Provided data:
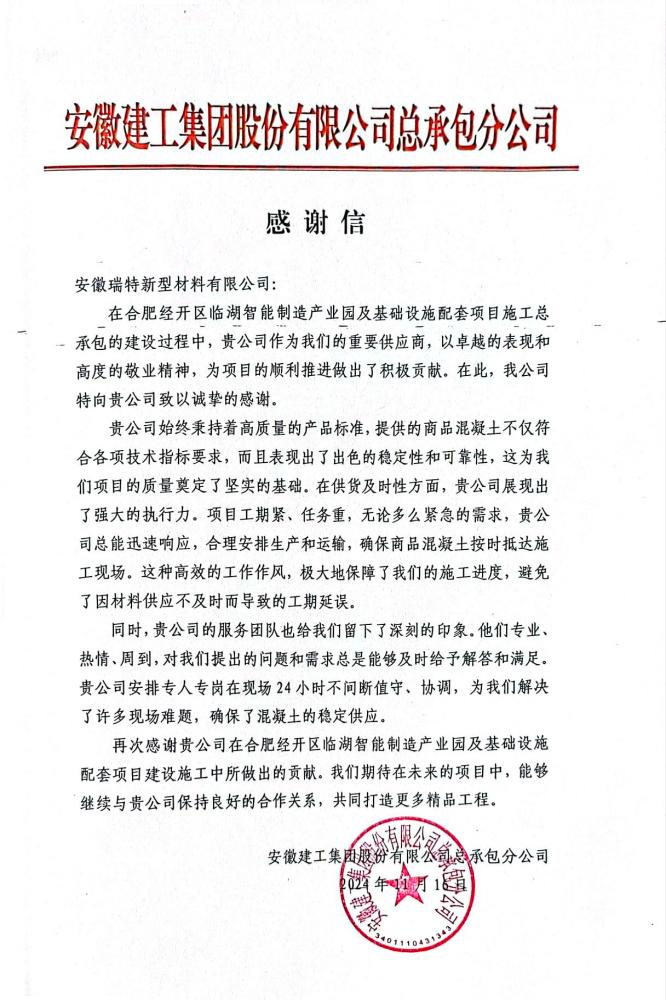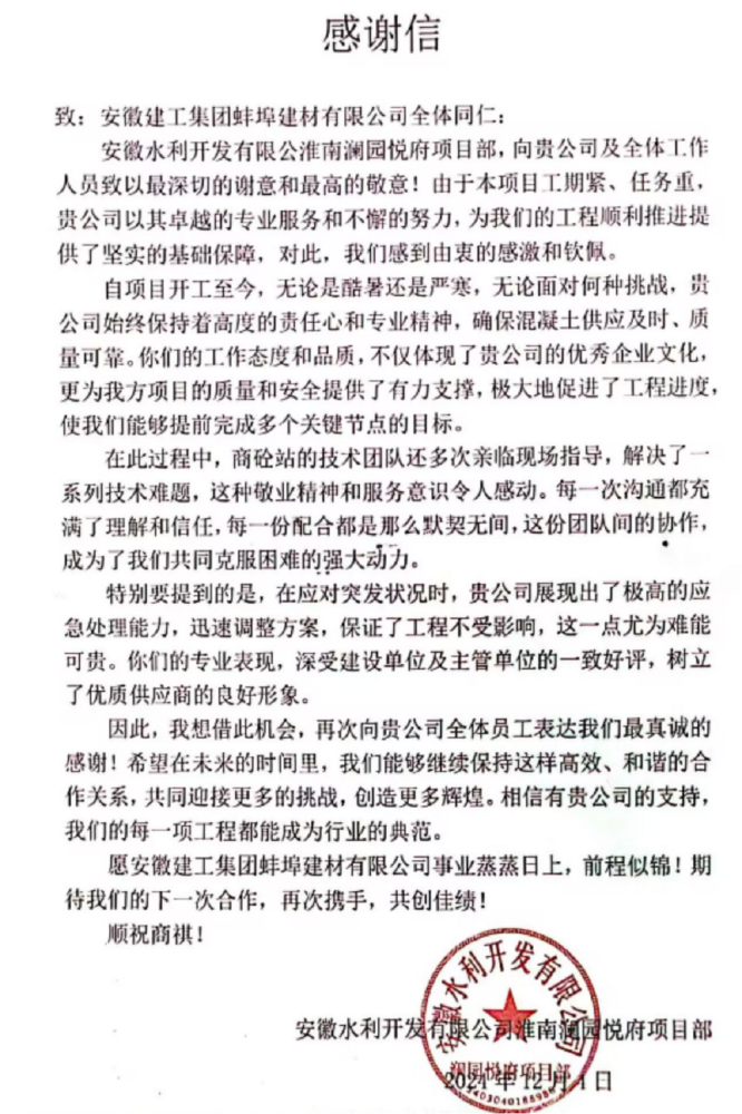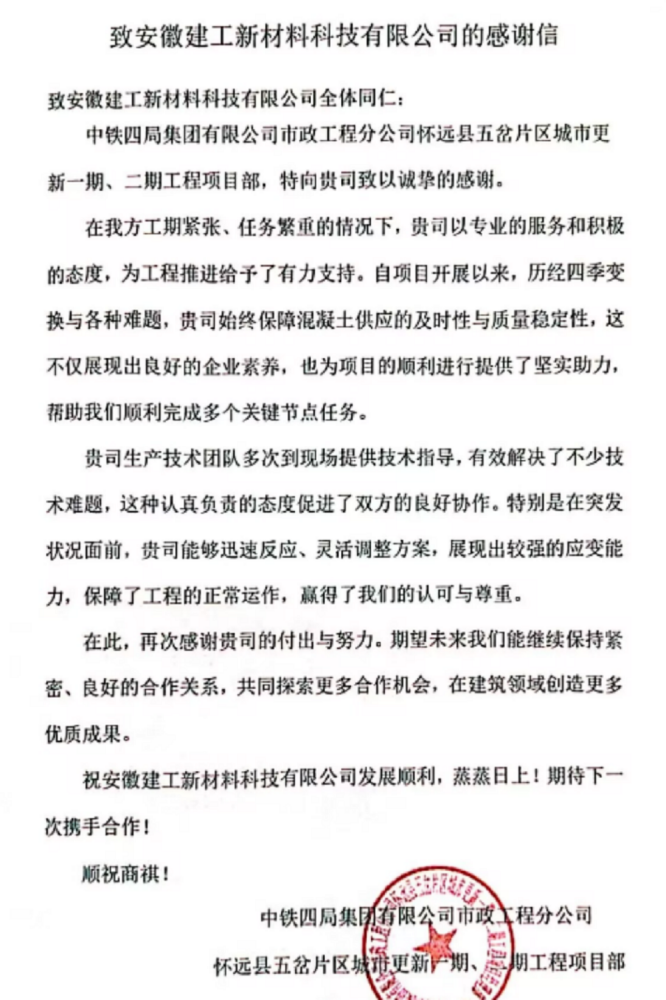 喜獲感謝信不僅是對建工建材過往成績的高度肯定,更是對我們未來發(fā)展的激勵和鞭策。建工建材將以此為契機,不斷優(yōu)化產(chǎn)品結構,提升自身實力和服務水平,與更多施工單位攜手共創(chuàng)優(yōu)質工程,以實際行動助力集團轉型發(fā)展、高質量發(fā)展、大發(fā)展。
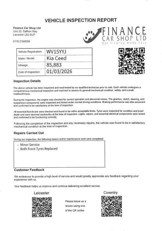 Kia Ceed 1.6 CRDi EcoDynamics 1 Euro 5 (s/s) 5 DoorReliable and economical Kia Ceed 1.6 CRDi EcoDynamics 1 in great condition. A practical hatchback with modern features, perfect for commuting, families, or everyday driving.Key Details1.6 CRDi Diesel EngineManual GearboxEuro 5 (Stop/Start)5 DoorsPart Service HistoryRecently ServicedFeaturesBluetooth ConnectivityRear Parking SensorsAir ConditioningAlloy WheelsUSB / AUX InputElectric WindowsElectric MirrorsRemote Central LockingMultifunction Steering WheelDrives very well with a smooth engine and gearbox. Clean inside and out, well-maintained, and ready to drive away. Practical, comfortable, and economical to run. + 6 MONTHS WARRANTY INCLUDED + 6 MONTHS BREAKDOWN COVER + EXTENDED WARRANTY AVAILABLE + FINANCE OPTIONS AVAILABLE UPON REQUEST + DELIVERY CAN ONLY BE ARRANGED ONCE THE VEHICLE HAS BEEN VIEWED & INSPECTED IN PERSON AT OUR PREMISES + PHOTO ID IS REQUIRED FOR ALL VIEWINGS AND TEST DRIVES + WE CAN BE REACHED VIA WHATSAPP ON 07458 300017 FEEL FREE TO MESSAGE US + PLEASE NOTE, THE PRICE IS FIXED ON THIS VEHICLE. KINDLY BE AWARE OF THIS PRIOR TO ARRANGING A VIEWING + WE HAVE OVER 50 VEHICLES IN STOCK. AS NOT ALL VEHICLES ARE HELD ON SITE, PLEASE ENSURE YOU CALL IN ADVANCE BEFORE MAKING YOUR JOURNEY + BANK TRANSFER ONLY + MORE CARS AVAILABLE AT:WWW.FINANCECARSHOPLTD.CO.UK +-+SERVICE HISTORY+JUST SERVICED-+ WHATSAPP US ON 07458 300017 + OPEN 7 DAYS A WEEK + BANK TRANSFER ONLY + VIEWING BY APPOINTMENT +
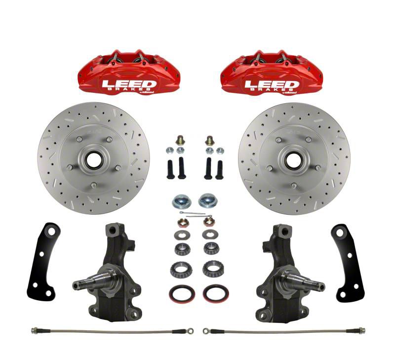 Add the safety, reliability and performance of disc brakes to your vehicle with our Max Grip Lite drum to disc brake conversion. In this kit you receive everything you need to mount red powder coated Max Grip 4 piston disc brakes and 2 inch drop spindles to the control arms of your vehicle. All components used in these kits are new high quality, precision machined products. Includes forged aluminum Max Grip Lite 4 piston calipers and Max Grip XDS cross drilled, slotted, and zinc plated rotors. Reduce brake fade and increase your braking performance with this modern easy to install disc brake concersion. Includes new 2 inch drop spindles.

Description of the task: Please reproduce the data above word for word, skipping all images.

Result of this task:
 喜獲感謝信不僅是對建工建材過往成績的高度肯定,更是對我們未來發(fā)展的激勵和鞭策。建工建材將以此為契機,不斷優(yōu)化產(chǎn)品結構,提升自身實力和服務水平,與更多施工單位攜手共創(chuàng)優(yōu)質工程,以實際行動助力集團轉型發(fā)展、高質量發(fā)展、大發(fā)展。
 Kia Ceed 1.6 CRDi EcoDynamics 1 Euro 5 (s/s) 5 DoorReliable and economical Kia Ceed 1.6 CRDi EcoDynamics 1 in great condition. A practical hatchback with modern features, perfect for commuting, families, or everyday driving.Key Details1.6 CRDi Diesel EngineManual GearboxEuro 5 (Stop/Start)5 DoorsPart Service HistoryRecently ServicedFeaturesBluetooth ConnectivityRear Parking SensorsAir ConditioningAlloy WheelsUSB / AUX InputElectric WindowsElectric MirrorsRemote Central LockingMultifunction Steering WheelDrives very well with a smooth engine and gearbox. Clean inside and out, well-maintained, and ready to drive away. Practical, comfortable, and economical to run. + 6 MONTHS WARRANTY INCLUDED + 6 MONTHS BREAKDOWN COVER + EXTENDED WARRANTY AVAILABLE + FINANCE OPTIONS AVAILABLE UPON REQUEST + DELIVERY CAN ONLY BE ARRANGED ONCE THE VEHICLE HAS BEEN VIEWED & INSPECTED IN PERSON AT OUR PREMISES + PHOTO ID IS REQUIRED FOR ALL VIEWINGS AND TEST DRIVES + WE CAN BE REACHED VIA WHATSAPP ON 07458 300017 FEEL FREE TO MESSAGE US + PLEASE NOTE, THE PRICE IS FIXED ON THIS VEHICLE. KINDLY BE AWARE OF THIS PRIOR TO ARRANGING A VIEWING + WE HAVE OVER 50 VEHICLES IN STOCK. AS NOT ALL VEHICLES ARE HELD ON SITE, PLEASE ENSURE YOU CALL IN ADVANCE BEFORE MAKING YOUR JOURNEY + BANK TRANSFER ONLY + MORE CARS AVAILABLE AT:WWW.FINANCECARSHOPLTD.CO.UK +-+SERVICE HISTORY+JUST SERVICED-+ WHATSAPP US ON 07458 300017 + OPEN 7 DAYS A WEEK + BANK TRANSFER ONLY + VIEWING BY APPOINTMENT +
 Add the safety, reliability and performance of disc brakes to your vehicle with our Max Grip Lite drum to disc brake conversion. In this kit you receive everything you need to mount red powder coated Max Grip 4 piston disc brakes and 2 inch drop spindles to the control arms of your vehicle. All components used in these kits are new high quality, precision machined products. Includes forged aluminum Max Grip Lite 4 piston calipers and Max Grip XDS cross drilled, slotted, and zinc plated rotors. Reduce brake fade and increase your braking performance with this modern easy to install disc brake concersion. Includes new 2 inch drop spindles.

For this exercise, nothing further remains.